I don’t miss much on the keto diet, but every now and then I get a craving for Chinese takeout! Not gonna lie, I love the sweet and savory coating on Sesame Chicken.

If you do too, then you’ve got to try this low carb sesame chicken recipe! It’s super close to the original, but totally guilt free! We’ve as closely re-created that crispy coating and sweet glaze as you possibly can…while getting rid of the carbs! In fact, this dish has about 4g net carbs per serving!

Surprisingly, you don’t need to spend a lot of time in the kitchen to get dinner on the table with this one! It only takes 20-25 minutes to prepare, so it’s even faster than waiting for delivery! Win-win!

Perfect Pairing: Make it a meal! Try our Keto Sesame Chicken served over our easy cauliflower rice or keto fried rice!

top-down view of a plate of keto sesame chicken, inspired by Chinese takeout

Why I Love This Recipe:

  • High protein
  • Satisfies takeout cravings
  • Ready in about 20 minutes!

serving bowl of a keto-friendly version of sesame chicken


For your convenience in re-creating this recipe at home, we’ve included shop-able ad links to some of the products and supplies used. Read our disclosure policy here.
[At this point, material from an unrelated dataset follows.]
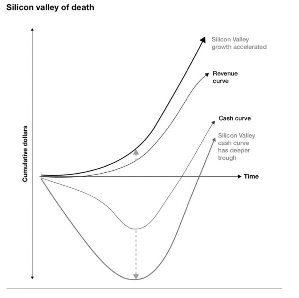 骆驼创业公司通过采取更平衡的增长方式,避开了死亡谷。下图,简明扼要地解释了这种动态。
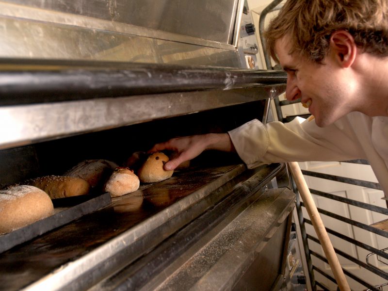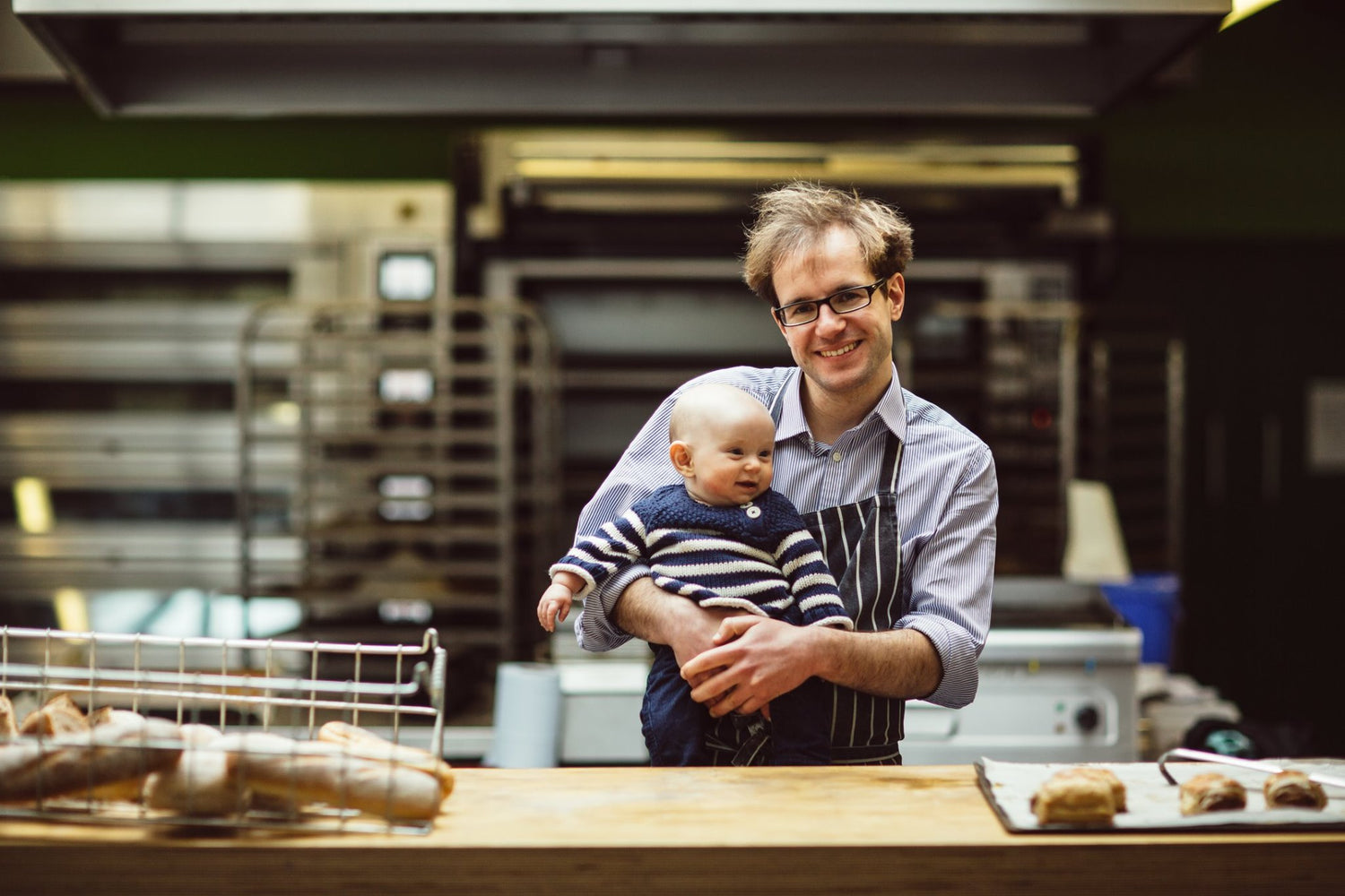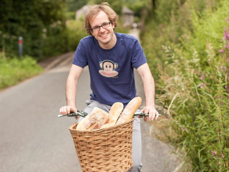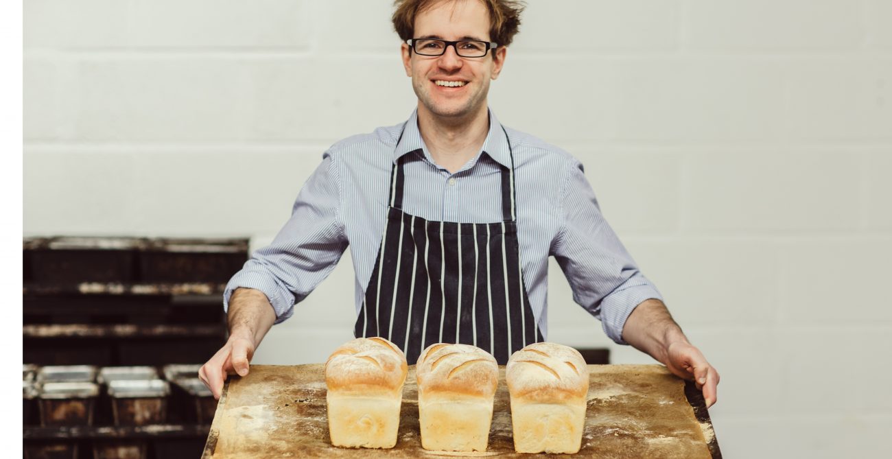At the age of 23, Tom returned from a gap year in India and worked at a local farm shop to help fund his college course. One day, the shop was let down by its bread supplier. Tom went home, picked up a recipe book and baked a couple of loaves on his mother’s kitchen counter. He biked the bread back to the farm shop and the bread sold out.

  • Boneless skinless chicken breast
  • Salt and pepper
  • Xanthan gum
  • Olive oil & Sesame oil — for cooking
  • Broccoli (optional)
  • Sesame seeds (optional garnish)
  • Green Onion (optional garnish)

Sauce Ingredients

  • Minced garlic
  • Coconut aminos*
  • Keto-friendly brown sugar substitute — We love Lakanto brand monk fruit sweeteners for their clean taste — if you shop through my link and use code “SOCCERMOM” you can save 15% every time you purchase!
  • Mirin
  • Ginger paste
  • Sesame oil

*Coconut aminos are a magical thing – similar in taste to soy sauce, but with no sugar, about 70% less sodium, and it’s gluten free!

The above is a quick glance at the ingredients and tools needed to make Low Carb Sesame Chicken and Broccoli. Full ingredient amounts are available in the printable recipe at the bottom of the post.

Kitchen Tools Used

bowl of low carb sesame chicken with broccoli

KETO FAQ – Learn More


Cut the chicken into bite sized pieces and season with salt and pepper, to taste. Place these chicken pieces in a large zip-top plastic bag with 1/2 teaspoon xanthan gum. Close the bag and shake to coat the chicken.

Combine a Tablespoon olive oil with a teaspoon sesame oil in a large cast iron skillet over medium-high heat. Add chicken to pan and cook for 4 minutes on one side (until crispy), flip and cook for 2-3 minutes on the other side. You want the outside of the chicken to be golden brown and crispy and the inside to be cooked through and tender.

bite sized chicken pieces searing in a cast iron skillet

While chicken is cooking, whisk together the sauce ingredients in a small bowl. Wait until the chicken is almost done, then pour the sauce into the pan. Stir to coat.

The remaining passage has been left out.